The record amply supports the jury's implied conclusion, as the following excerpts from direct and cross-examination of Appellant show:
Q [By Appellant's Counsel] Would you state to the Ladies and Gentlemen of the Jury, Dr. Douglass, what you mean and what you meant by the words "Under Protest," sir?
A * * *
. . . I made a decision and it was an irrevocable one, that I would not again contribute to a tax system that is being used to destroy your country, my children's country and my country.
Q [By the Government Prosecutor] Doctor would you admit that you failed to provide this information or pay taxes only after a considerable amount of thought and soul-searching?
A Yes, that is certainly true.
See Roe v. United States, 5 Cir., 1961, 287 F.2d 435, at 441-442 and note 11, and United States v. DeWitt, 5 Cir., 1959, 265 F.2d 393, 402-404 (dissenting opinion), which catalogue many of the cases for both positions urged here: for the appellant, United States v. Kemble, 3 Cir., 1952, 197 F.2d 316; Hargrove v. United States, 5 Cir., 1933, 67 F.2d 820, 90 A.L. R. 1276; Bloch v. United States, 9 Cir., 1955, 221 F.2d 786; St. Johnsbury Trucking Co. v. United States, 1 Cir., 1955, 220 F.2d 393; Boyce Motor Lines, Inc. v. United States, 1952, 342 U.S. 337, 72 S.Ct. 329, 96 L.Ed.2d 367; Automatic Canteen Co. of America v.
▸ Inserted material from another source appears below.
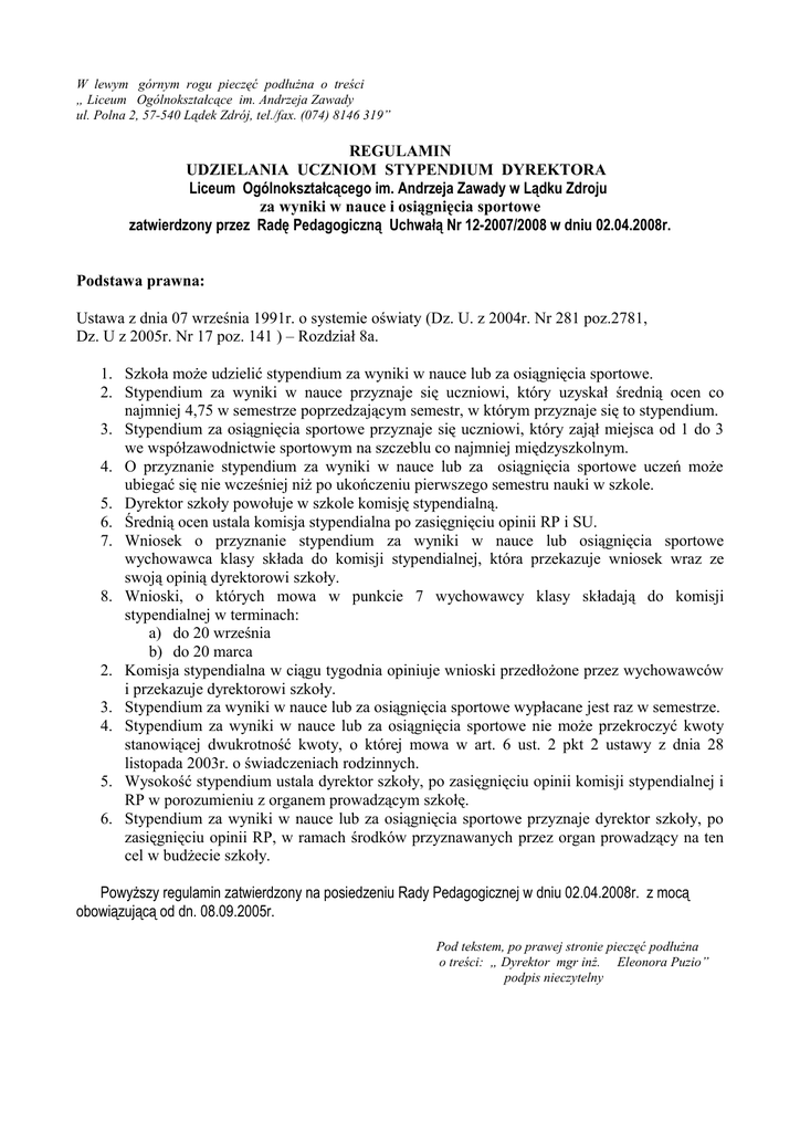 W lewym górnym rogu pieczęć podłużna o treści „ Liceum Ogólnokształcące im. Andrzeja Zawady ul. Polna 2, 57-540 Lądek Zdrój, tel./fax. (074) 8146 319” REGULAMIN UDZIELANIA UCZNIOM STYPENDIUM DYREKTORA Liceum Ogólnokształcącego im. Andrzeja Zawady w Lądku Zdroju za wyniki w nauce i osiągnięcia sportowe zatwierdzony przez Radę Pedagogiczną Uchwałą Nr 12-2007/2008 w dniu 02.04.2008r. Podstawa prawna: Ustawa z dnia 07 września 1991r. o systemie oświaty (Dz. U. z 2004r. Nr 281 poz.2781, Dz. U z 2005r. Nr 17 poz. 141 ) – Rozdział 8a. 1. Szkoła może udzielić stypendium za wyniki w nauce lub za osiągnięcia sportowe. 2. Stypendium za wyniki w nauce przyznaje się uczniowi, który uzyskał średnią ocen co najmniej 4,75 w semestrze poprzedzającym semestr, w którym przyznaje się to stypendium. 3. Stypendium za osiągnięcia sportowe przyznaje się uczniowi, który zajął miejsca od 1 do 3 we współzawodnictwie sportowym na szczeblu co najmniej międzyszkolnym. 4. O przyznanie stypendium za wyniki w nauce lub za osiągnięcia sportowe uczeń może ubiegać się nie wcześniej niż po ukończeniu pierwszego semestru nauki w szkole. 5. Dyrektor szkoły powołuje w szkole komisję stypendialną. 6. Średnią ocen ustala komisja stypendialna po zasięgnięciu opinii RP i SU. 7. Wniosek o przyznanie stypendium za wyniki w nauce lub osiągnięcia sportowe wychowawca klasy składa do komisji stypendialnej, która przekazuje wniosek wraz ze swoją opinią dyrektorowi szkoły. 8. Wnioski, o których mowa w punkcie 7 wychowawcy klasy składają do komisji stypendialnej w terminach: a) do 20 września b) do 20 marca 2. Komisja stypendialna w ciągu tygodnia opiniuje wnioski przedłożone przez wychowawców i przekazuje dyrektorowi szkoły. 3. Stypendium za wyniki w nauce lub za osiągnięcia sportowe wypłacane jest raz w semestrze. 4. Stypendium za wyniki w nauce lub za osiągnięcia sportowe nie może przekroczyć kwoty stanowiącej dwukrotność kwoty, o której mowa w art. 6 ust. 2 pkt 2 ustawy z dnia 28 listopada 2003r. o świadczeniach rodzinnych. 5. Wysokość stypendium ustala dyrektor szkoły, po zasięgnięciu opinii komisji stypendialnej i RP w porozumieniu z organem prowadzącym szkołę. 6. Stypendium za wyniki w nauce lub za osiągnięcia sportowe przyznaje dyrektor szkoły, po zasięgnięciu opinii RP, w ramach środków przyznawanych przez organ prowadzący na ten cel w budżecie szkoły. Powyższy regulamin zatwierdzony na posiedzeniu Rady Pedagogicznej w dniu 02.04.2008r. z mocą obowiązującą od dn. 08.09.2005r. Pod tekstem, po prawej stronie pieczęć podłużna o treści: „ Dyrektor mgr inż. Eleonora Puzio” podpis nieczytelny

F.T.C., 1953, 346 U.S. 61, 73 S.Ct. 1017, 97 L.Ed. 1454; for the government, United States v. Dotterweich, 1943, 320 U.S. 277, 64 S.Ct. 134, 88 L.Ed. 48; United States v. Balint, 1922, 258 U.S. 250, 42 S.Ct. 301, 66 L.Ed. 604; United States v. Behrman, 1922, 258 U.S. 280, 42 S.Ct. 303, 66 L.Ed. 619. The cases are discussed at length in Morissette v. United States, 1952, 342 U.S. 246, 72 S.Ct. 240, 96 L.Ed. 288
Trial Record page 394
See United States v. Moylan, 4 Cir., 1969, 417 F.2d 1002, (the so-called "Catonsville Nine" trial) where the several defendants motivated by a sincere commitment against the war in Southeast Asia had entered a local draft board office to remove and destroy draft records. Although defendant undertakes to factually distinguish the crime there from the instant appeal, we think the principle is much the same. There, as here, "defense counsel urged upon the court a more expansive interpretation of the word 'willful' as used in the statutes, namely that no violation occurred unless defendants performed the admitted acts with a bad purpose or motive." 417 F.2d at 1004. In rejecting this approach, the court went on to say:
The defendants' motivation in the instant case-the fact that they engaged in a protest in the sincere belief that they were breaking the law in a good cause-cannot be acceptable legal defense or justification. Their sincerity is beyond question. It implies no disparagement of their idealism to say that society will not tolerate the means they chose to register their opposition to the war. If these defendants were to be absolved from guilt because of their moral certainty that the war in Vietnam is wrong, would not others who might commit breaches of the law to demonstrate their sincere belief that the country is not prosecuting the war vigorously enough be entitled to acquittal? Both must answer for their acts.
417 F.2d at 1009.
The remaining cases which Douglass cites for the notion that a "good faith political protest" negates the element of willfulness are factually distinguishable and in every case, inapposite. E. g., Spies v. United States, 1943, 317 U.S. 492, 63 S.Ct. 364, 87 L.Ed. 418, stands for the proposition that the combination of misdemeanors of failure to file and failure to pay the tax do not make out the felony crime of willful evasion, even though the two lesser acts were done intentionally
Haner v. United States, 5 Cir., 1963, 315 F.2d 792, was a case where this court reversed (one Judge dissenting) a conviction where the court's charge seemingly allowed the jury to convict for a "careless or inadvertent" failure to file. Nevertheless, we emphasized that " 'willful' generally means intentional, knowing, or purposeful, as opposed to careless, thoughtless, heedless, or inadvertent, and it means nothing less as used in Section 7203." 315 F.2d at 794. (Emphasis omitted).